Combination therapy with immune checkpoint inhibitors including anti–PD-1 and –CTLA4 antibodies shows greater therapeutic efficacy than the monotherapies in several cancers (3135). In the present study, we used a comprehensive pan-cancer approach to evaluate the clinical significance of PD-1 and CTLA4 expression in a variety of cancers. Our results showed that PD-1 and CTLA4 expression varies across cancer types and that most cancers are characterized by PD-1 and CTLA4 mutations that lead to their abnormal expression, which can serve as a prognostic biomarker. Serum PD-1 and CTLA4 levels were survival predictor in LIHC patients receiving CIK therapy. Using TIMER, CIBERSORT, and ESTIMATE, we found that PD-1 and CTLA4 overexpression was associated with TIL infiltration, immune scores, and immune marker expression. Furthermore, PD-1 and CTLA4 levels were correlated with TMB, MSI, MMR, and the expression of DNMTs. We also identified KEGG and Hallmark terms that are associated with PD-1 and CTLA4 expression.
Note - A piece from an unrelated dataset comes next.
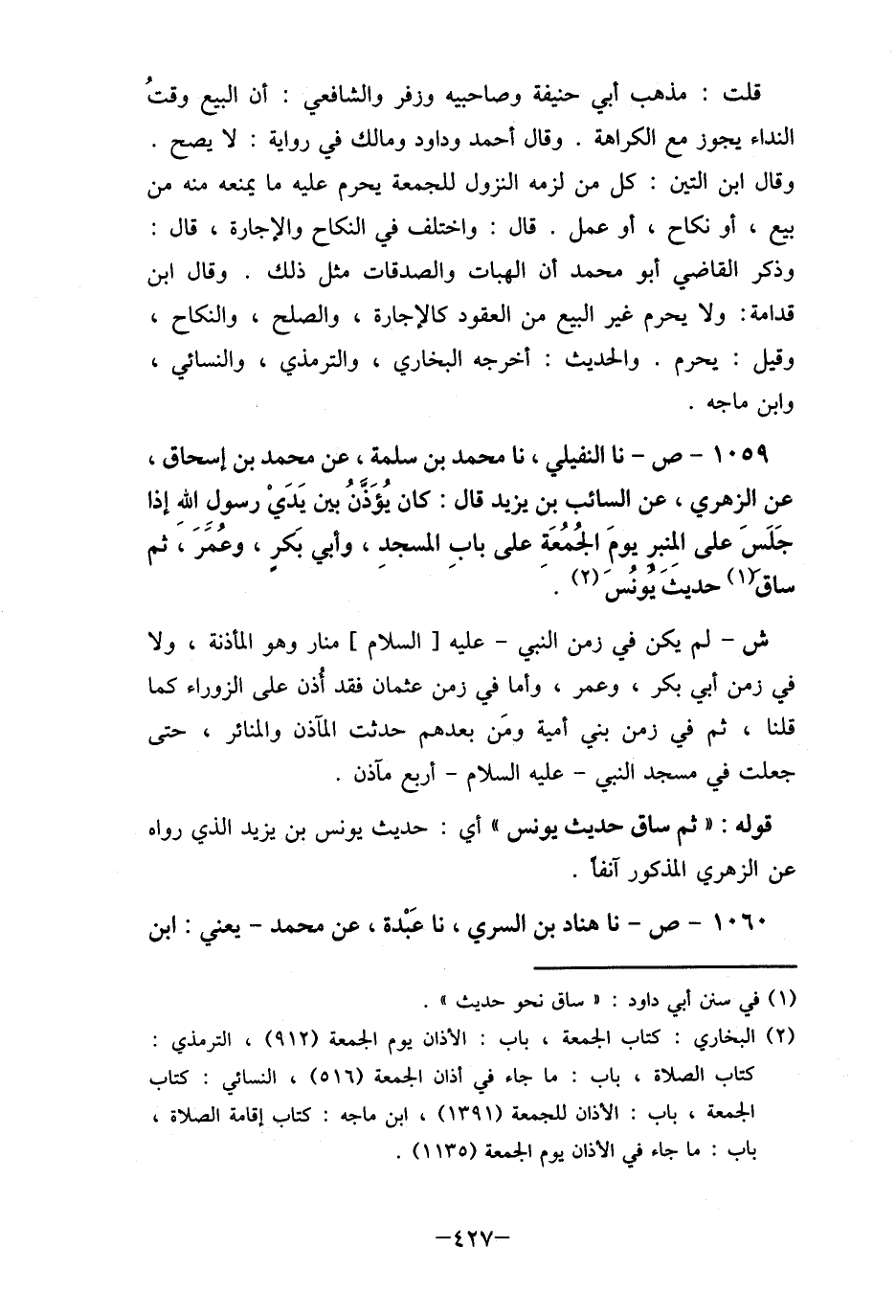 1059- ص- نا النفيلي، نا محمد بن سلمة، عن محمد بن إسحاق، عن الزهري، عن السائب بن يزيد قال: كان يُؤَذَّنُ بين يَدَيْ رسولِ اللهِ إذا جَلَسَ على المنبر يومَ الجُمُعَةِ على بابِ المسجدِ، وأبي بَكرٍ، وعُمَرَ، ثم ساق (1) حديثً يونُسَ (2) .

Identifying aberrantly expressed genes in tumors is important for the development of individualized treatments, which can improve therapeutic outcomes (36). Pan-cancer analyses can reveal the functional significance of PD-1 and CTLA4 in cancers (37, 38). Here we examined PD-1 and CTLA4 expression in a large and diverse set of samples from CCLE, which provides gene expression data for future experiments, and from TCGA, which provides genomic and survival data that may be useful for clinical investigations. Consistent with previous reports (39, 40), we found that PD-1 was more highly expressed in older cancer patients, indicating that checkpoint inhibitor treatment may more effective in this group. Additionally, Black patients had higher PD-1 and CTLA4 levels than Caucasian or Asian patients, suggesting better outcomes following immunotherapy.
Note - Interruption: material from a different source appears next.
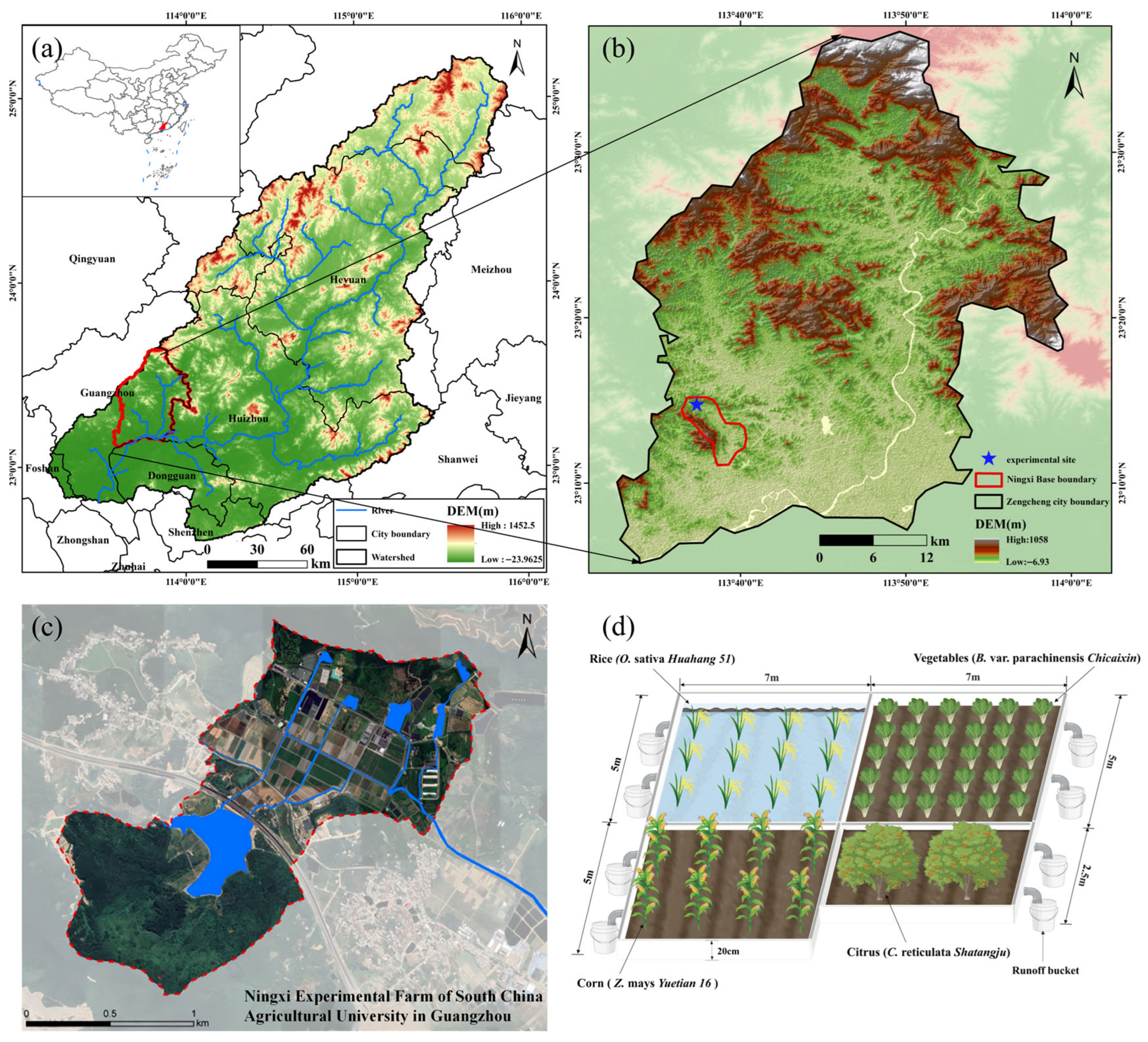 - Zeng, F.F.; Zuo, Z.; Mo, J.C.; Chen, C.Y.; Yang, X.J.; Wang, J.J.; Wang, Y.; Zhao, Z.Q.; Chen, T.Y.; Li, Y.T.; et al. Runoff Losses in Nitrogen and Phosphorus from Paddy and Maize Cropping Systems: A Field Study in Dongjiang Basin, South China. Front. Plant Sci. 2021, 12, 15. [Google Scholar] [CrossRef]

Our results showed that PD-1 and CTLA4 are implicated in cancer immunity, as evidenced by the association between PD-1 and CTLA4 levels and the degree of infiltration of immunocytes in the TIMER and CIBERSORT analyses. The ESTIMATE method has been used to assess genomic data in various cancers, including the prediction of clinical outcomes in GBM and SKCM (41, 42). We determined immune and stromal scores based on TCGA data and found that PD-1 and CTLA4 levels were correlated with ESTIMATE scores as well as the expression of TIL markers.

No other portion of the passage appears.